* Requirement *
Below is some data. Retype exactly the lines starting at the one with "MNZ-Young Butterfly Pink" and ending at the one with "The Spiral Curve".

BEGIN Exercise data

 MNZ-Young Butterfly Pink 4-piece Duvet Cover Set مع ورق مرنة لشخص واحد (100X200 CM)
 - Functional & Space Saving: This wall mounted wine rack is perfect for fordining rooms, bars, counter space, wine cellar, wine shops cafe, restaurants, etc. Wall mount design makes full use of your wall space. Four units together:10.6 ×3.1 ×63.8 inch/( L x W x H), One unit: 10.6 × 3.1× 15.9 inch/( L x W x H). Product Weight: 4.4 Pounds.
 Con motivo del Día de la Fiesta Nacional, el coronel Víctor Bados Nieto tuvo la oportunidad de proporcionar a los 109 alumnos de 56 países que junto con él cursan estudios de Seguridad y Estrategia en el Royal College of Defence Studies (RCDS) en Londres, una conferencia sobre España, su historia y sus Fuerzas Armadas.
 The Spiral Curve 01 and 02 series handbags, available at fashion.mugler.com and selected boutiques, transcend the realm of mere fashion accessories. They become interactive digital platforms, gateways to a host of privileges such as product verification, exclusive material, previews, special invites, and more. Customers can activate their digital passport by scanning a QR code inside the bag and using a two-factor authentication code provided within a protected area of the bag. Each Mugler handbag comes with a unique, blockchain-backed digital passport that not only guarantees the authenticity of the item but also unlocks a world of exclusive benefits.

END Exercise data
BEGIN Exercise data

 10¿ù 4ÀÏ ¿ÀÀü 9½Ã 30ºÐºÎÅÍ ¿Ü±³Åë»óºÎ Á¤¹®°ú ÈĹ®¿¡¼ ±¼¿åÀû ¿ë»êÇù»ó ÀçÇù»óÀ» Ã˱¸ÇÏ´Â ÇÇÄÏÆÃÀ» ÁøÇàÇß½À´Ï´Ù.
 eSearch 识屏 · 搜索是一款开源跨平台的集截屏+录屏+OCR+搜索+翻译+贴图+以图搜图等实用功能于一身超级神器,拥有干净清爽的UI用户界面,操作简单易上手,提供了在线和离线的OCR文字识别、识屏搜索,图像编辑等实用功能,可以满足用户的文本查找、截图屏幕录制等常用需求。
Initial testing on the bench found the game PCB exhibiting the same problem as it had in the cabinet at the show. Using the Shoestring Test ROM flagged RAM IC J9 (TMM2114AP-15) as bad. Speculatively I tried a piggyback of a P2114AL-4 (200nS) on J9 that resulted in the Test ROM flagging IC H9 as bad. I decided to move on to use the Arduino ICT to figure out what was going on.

END Exercise data
BEGIN Exercise data

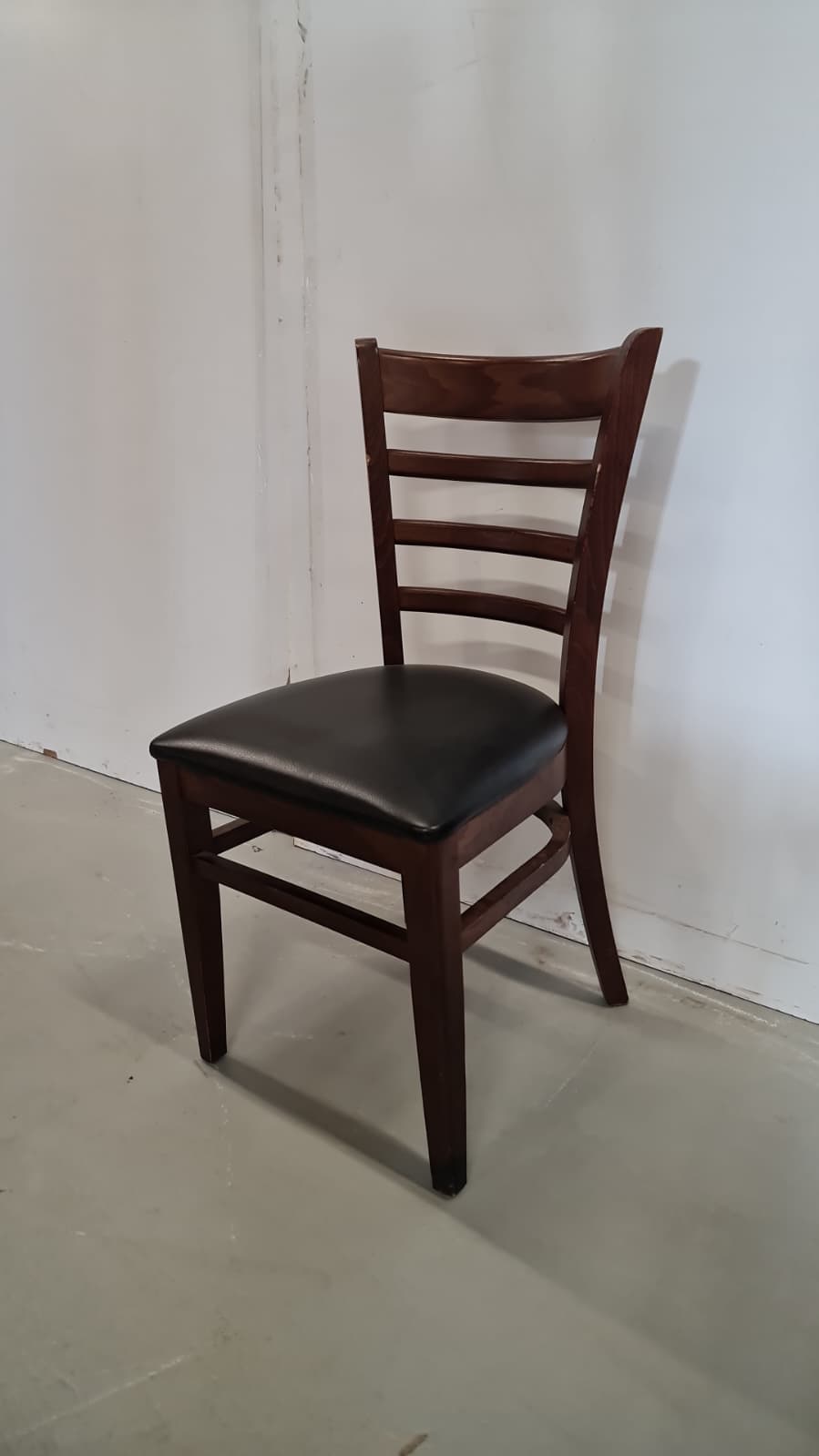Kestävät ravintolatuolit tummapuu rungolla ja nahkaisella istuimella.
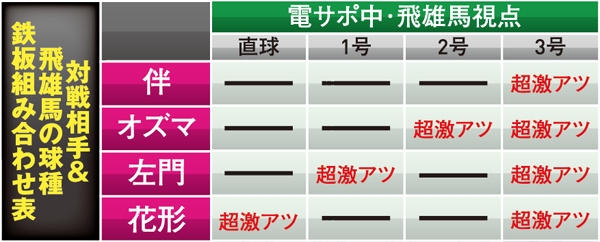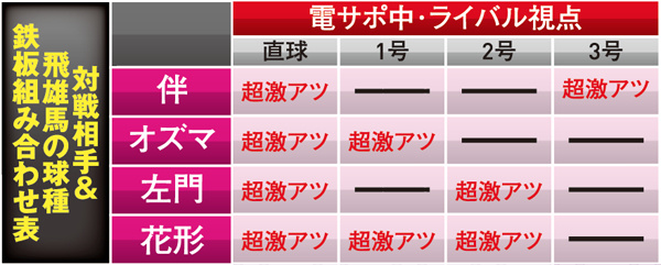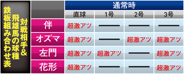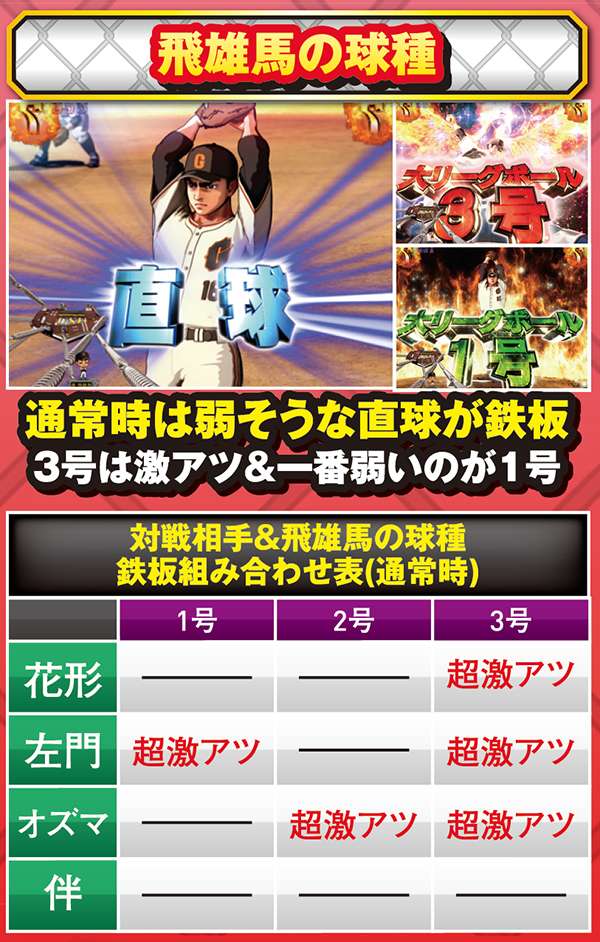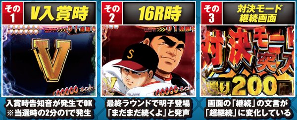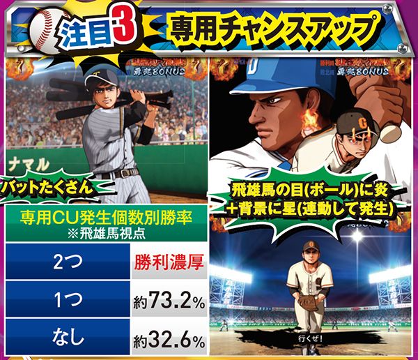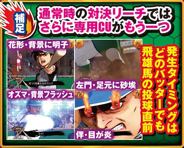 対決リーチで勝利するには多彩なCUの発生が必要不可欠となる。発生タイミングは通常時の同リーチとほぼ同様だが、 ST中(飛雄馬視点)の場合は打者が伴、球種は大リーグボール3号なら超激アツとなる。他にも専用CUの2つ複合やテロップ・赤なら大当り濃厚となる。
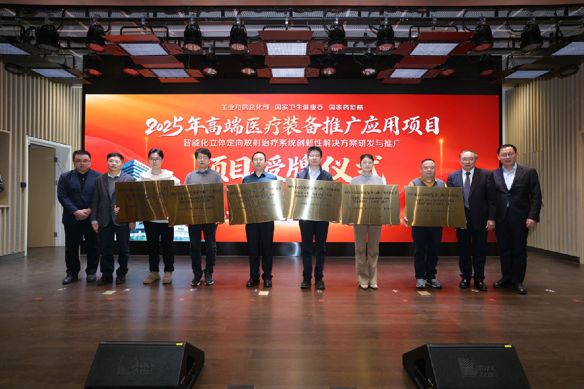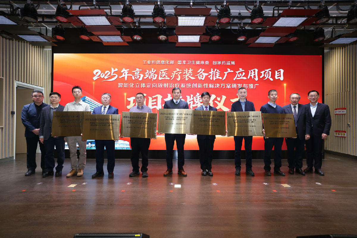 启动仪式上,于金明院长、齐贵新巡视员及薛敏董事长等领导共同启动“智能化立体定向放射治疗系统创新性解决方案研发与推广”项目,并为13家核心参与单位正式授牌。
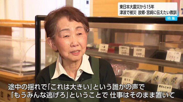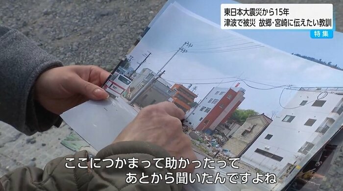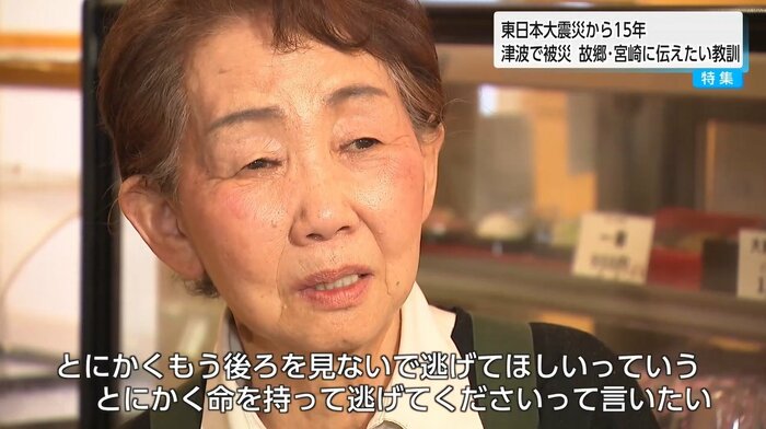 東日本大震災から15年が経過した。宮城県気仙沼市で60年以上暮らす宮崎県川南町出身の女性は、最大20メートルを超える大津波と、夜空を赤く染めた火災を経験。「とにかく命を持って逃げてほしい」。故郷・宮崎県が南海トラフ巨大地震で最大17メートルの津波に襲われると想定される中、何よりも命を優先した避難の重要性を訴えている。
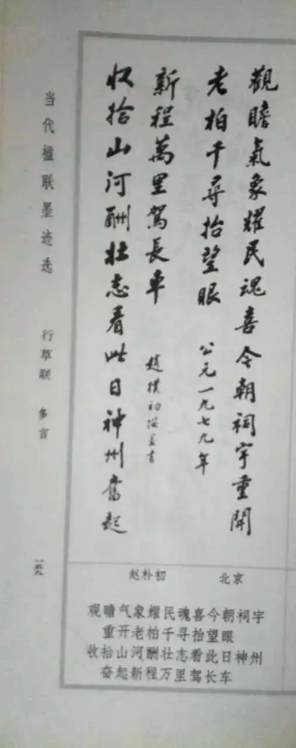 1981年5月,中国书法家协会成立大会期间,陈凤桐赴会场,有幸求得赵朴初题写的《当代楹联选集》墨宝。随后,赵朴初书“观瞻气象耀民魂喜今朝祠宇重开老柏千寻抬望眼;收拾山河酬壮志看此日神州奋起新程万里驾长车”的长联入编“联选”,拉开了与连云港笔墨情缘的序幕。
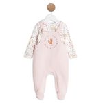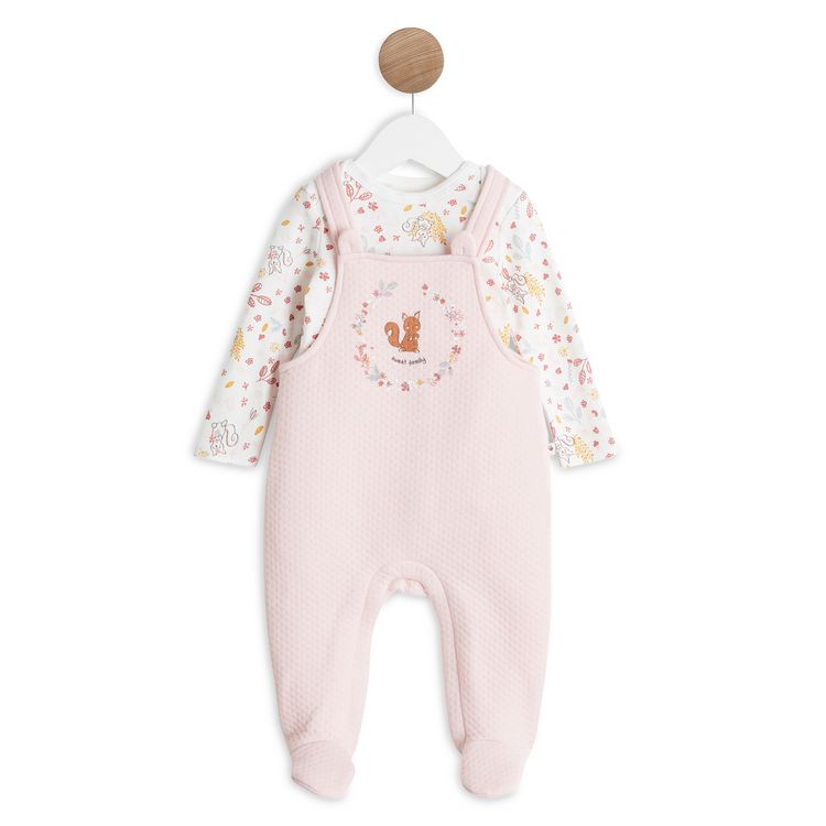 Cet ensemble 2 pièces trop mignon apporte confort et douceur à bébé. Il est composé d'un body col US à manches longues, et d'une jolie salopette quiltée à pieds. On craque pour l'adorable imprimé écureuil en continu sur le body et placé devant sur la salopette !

END Exercise data

* Completed exercise *
 MNZ-Young Butterfly Pink 4-piece Duvet Cover Set مع ورق مرنة لشخص واحد (100X200 CM)
 - Functional & Space Saving: This wall mounted wine rack is perfect for fordining rooms, bars, counter space, wine cellar, wine shops cafe, restaurants, etc. Wall mount design makes full use of your wall space. Four units together:10.6 ×3.1 ×63.8 inch/( L x W x H), One unit: 10.6 × 3.1× 15.9 inch/( L x W x H). Product Weight: 4.4 Pounds.
 Con motivo del Día de la Fiesta Nacional, el coronel Víctor Bados Nieto tuvo la oportunidad de proporcionar a los 109 alumnos de 56 países que junto con él cursan estudios de Seguridad y Estrategia en el Royal College of Defence Studies (RCDS) en Londres, una conferencia sobre España, su historia y sus Fuerzas Armadas.
 The Spiral Curve 01 and 02 series handbags, available at fashion.mugler.com and selected boutiques, transcend the realm of mere fashion accessories. They become interactive digital platforms, gateways to a host of privileges such as product verification, exclusive material, previews, special invites, and more. Customers can activate their digital passport by scanning a QR code inside the bag and using a two-factor authentication code provided within a protected area of the bag. Each Mugler handbag comes with a unique, blockchain-backed digital passport that not only guarantees the authenticity of the item but also unlocks a world of exclusive benefits.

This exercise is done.